§ **How to complete this task**:
Leave the pictures out, and transcribe the material below exactly from the line with "- Catalyzes cleavage" to the line with "Garfield pixel art", both lines included.

§ **Material provided**:
-*-*-

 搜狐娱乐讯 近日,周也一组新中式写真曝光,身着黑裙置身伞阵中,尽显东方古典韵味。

-*-*-

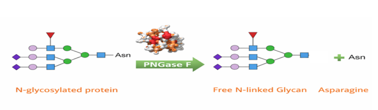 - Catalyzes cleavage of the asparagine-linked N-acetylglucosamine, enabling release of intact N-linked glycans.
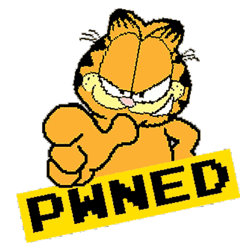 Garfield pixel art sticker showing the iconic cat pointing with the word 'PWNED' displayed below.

-*-*-

§ **Task output**:
 - Catalyzes cleavage of the asparagine-linked N-acetylglucosamine, enabling release of intact N-linked glycans.
 Garfield pixel art sticker showing the iconic cat pointing with the word 'PWNED' displayed below.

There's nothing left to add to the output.